Выходит,— пуля дура, штык — молодец?
— Пуля дура, ежели стреляет дурак. Палит без разбору куда. Противника пужает и себе храбрости придает. Суворов, дак он про пулю-дуру неприятельскую сказывал. А про свою, береги, мол, пулю в дуле. Пали редко, да метко. С разумом, согласно задаче командира. Так и в старой солдатской песне поется:
Знай в бою свою задачу,
Действуй сметкой и штыком—
Не потерпишь неудачу В жаркой схватке со врагом!
Займи в атаке перед собой участок в три метра и действуй. Не задерживайся. На войне не воюют напоказ. Геройство ради геройства не по нашей части.
На щеке Егорушкина ветвистый рубец. Много было калек во времена Второй мировой войны.
— След немецкого штыка?
— Не-е-е, — тянет солдат, — от пули-дуры. Старая метка, с пятнадцатого года, почитай.
Послали Егорушкина с группой солдат за «языком». Залегли у проволоки для прикрытия, а Егорушкин с напарником двинулись дальше. Подползли к землянке. Затаились. Ходит у землянки часовой. Мурлычет что-то себе под нос.
— Сейчас он споткнется об меня, — шепнул напарнику Егорушкин, — тут и хватай его за холку.
А немец прошел рядом. С досады Егорушкин подхватился. Обнял его за шею правой рукой, сгибом локтя стал поднимать подбородок.
— Так нас учили, — рассказывал Егорушкин, — немец станет задыхаться, ослабнет и потеряет сознание.
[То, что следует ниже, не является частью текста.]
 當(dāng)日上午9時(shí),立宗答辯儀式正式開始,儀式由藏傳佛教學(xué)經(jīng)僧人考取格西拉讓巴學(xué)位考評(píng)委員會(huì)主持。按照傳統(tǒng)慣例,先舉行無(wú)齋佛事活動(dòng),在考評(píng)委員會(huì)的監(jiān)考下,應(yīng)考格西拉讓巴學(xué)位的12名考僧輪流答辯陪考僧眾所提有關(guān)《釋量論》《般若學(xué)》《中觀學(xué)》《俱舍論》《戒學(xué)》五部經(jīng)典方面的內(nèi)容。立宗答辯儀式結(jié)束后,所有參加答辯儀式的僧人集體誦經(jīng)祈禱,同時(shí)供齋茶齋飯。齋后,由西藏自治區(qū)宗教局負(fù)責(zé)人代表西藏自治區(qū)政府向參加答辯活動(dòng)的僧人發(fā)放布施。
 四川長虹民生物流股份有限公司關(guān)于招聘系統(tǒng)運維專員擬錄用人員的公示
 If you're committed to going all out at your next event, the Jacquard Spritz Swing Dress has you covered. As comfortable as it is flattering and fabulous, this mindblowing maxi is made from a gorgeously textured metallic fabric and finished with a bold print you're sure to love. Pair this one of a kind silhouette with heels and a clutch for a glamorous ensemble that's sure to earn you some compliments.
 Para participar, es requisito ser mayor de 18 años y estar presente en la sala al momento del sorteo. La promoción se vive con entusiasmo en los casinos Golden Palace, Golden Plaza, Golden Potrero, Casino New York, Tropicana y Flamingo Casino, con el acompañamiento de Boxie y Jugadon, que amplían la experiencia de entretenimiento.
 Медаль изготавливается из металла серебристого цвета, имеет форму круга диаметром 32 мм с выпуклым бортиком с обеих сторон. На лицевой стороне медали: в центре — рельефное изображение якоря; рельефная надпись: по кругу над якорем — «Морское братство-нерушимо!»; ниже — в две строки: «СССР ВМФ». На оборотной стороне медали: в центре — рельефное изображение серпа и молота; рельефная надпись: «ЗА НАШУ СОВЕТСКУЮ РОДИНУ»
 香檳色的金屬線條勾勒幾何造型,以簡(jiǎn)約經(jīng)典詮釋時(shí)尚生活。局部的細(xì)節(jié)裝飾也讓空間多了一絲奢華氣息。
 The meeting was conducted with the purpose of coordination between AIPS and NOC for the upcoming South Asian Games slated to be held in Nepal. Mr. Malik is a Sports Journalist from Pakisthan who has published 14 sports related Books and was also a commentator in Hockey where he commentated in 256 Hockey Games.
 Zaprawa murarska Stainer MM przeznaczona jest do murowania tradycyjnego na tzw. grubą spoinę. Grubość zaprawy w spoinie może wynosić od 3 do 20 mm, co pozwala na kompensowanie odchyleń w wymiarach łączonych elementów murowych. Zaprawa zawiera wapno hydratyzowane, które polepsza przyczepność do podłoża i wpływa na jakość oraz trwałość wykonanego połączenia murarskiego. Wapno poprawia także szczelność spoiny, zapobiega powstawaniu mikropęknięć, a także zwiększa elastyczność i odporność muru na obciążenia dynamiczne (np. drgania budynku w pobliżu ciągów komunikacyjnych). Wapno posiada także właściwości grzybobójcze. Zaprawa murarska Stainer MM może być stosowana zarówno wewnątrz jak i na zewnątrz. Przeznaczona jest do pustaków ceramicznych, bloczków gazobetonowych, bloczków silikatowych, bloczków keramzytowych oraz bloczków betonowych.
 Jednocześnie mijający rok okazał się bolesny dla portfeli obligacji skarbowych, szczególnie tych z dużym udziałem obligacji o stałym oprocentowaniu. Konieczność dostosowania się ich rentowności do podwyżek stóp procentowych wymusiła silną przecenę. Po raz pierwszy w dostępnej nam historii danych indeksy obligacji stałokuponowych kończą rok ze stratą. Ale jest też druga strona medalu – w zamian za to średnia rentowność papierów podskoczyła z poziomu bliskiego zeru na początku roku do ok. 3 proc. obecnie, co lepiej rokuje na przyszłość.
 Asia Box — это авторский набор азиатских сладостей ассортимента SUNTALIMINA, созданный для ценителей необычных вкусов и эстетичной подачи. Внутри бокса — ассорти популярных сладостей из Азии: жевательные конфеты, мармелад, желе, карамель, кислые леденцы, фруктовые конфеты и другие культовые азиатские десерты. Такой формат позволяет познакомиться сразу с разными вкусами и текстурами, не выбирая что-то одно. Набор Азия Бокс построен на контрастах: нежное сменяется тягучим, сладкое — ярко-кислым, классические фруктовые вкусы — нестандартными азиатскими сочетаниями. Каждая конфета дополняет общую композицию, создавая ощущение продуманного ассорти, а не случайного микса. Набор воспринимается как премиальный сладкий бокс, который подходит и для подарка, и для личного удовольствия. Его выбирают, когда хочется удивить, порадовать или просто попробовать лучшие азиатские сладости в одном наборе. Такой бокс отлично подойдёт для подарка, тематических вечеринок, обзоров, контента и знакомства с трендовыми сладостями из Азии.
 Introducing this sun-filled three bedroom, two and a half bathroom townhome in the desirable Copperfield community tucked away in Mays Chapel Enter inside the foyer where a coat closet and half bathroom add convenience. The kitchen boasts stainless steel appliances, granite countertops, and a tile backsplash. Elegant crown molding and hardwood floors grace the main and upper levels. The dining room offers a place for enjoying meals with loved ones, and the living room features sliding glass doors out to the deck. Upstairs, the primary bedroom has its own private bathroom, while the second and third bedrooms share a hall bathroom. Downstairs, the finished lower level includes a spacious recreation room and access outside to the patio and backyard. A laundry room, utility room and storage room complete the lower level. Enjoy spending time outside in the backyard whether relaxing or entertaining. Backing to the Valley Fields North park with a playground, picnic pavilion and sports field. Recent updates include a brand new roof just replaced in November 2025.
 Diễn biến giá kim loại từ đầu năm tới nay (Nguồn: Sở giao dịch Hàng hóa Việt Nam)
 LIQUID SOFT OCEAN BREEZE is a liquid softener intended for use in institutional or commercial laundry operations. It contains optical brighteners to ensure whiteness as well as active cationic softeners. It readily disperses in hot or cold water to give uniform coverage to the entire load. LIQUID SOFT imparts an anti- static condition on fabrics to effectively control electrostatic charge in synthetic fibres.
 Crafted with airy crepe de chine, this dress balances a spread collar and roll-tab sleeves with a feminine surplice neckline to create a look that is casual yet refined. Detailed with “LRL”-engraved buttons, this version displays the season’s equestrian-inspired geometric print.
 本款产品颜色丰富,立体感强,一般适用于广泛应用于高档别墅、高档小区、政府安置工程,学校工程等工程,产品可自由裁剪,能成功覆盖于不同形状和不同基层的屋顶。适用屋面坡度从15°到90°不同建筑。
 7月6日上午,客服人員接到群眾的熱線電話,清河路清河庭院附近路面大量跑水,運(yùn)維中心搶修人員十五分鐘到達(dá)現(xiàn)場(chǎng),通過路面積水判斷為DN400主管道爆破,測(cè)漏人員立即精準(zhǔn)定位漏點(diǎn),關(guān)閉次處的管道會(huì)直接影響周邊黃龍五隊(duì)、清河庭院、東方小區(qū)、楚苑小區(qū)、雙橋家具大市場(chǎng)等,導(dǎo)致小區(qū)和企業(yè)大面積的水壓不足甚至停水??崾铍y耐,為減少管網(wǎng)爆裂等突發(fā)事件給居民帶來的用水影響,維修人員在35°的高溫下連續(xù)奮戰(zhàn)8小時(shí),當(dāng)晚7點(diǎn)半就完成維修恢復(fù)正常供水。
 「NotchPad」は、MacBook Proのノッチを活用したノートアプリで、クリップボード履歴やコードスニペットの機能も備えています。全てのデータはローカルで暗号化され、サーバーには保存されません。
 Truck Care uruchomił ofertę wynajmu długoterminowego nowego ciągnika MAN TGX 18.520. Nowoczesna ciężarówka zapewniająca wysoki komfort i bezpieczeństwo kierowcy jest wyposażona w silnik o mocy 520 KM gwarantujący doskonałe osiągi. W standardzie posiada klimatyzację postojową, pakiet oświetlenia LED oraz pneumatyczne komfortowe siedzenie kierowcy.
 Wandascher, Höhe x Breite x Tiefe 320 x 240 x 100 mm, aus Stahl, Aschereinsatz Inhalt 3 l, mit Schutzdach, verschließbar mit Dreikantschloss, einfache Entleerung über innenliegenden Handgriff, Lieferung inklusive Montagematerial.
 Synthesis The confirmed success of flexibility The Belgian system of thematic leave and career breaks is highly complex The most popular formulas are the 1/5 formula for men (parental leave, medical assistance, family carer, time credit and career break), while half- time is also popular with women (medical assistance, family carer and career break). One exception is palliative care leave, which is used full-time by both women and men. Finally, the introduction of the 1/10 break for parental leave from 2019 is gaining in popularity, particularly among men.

Тут ему кляп в рот, мешок на голову и тащи в свое расположение.
На учении выходило здорово, а тут немец с перепугу присел, и Егорушкин перелетел через его голову. Вскочили оба, наставили друг на друга винтовки.
— Убивать мне его нельзя. Приказано живым доставить. А он как пить дать выстрелит. Надо было моментально шаг в сторону сделать, а я снова оплошал, стою как пень. Немец и пальнул в меня. Пуля щеку задела.
Проводит пальцем вдоль рубца. Вроде проверяет, на месте ли. Разводит руками:
— Метка на всю жизнь. Не исполнил свой маневр, за то и поплатился.
Сколько на теле Егорушкина шрамов, он и сам не знает. Шрамы с давних лет и совсем новые. Всего месяц назад вернулся он из медсанбата. За воинскую доблесть и мужество, за беспримерную храбрость и многолетний боевой опыт произведен Егорушкин в младшие лейтенанты. Под его командование отдан стрелковый взвод. Но не возгордился Егорушкин своим новым положением. Судит о себе по-прежнему скромно:
— Что офицер, что рядовой — все едино. Боец. Офицеру не в пример трудней даже. У солдата ответ за себя только. У офицера — за себя и за подчиненных своих.
Некоторые полагают, будто храбр русский солдат потому, что смерти не боится. Храбр же он на самом деле от того, что любит и высоко ценит человеческую жизнь. За нее и сражается до последнего вздоха.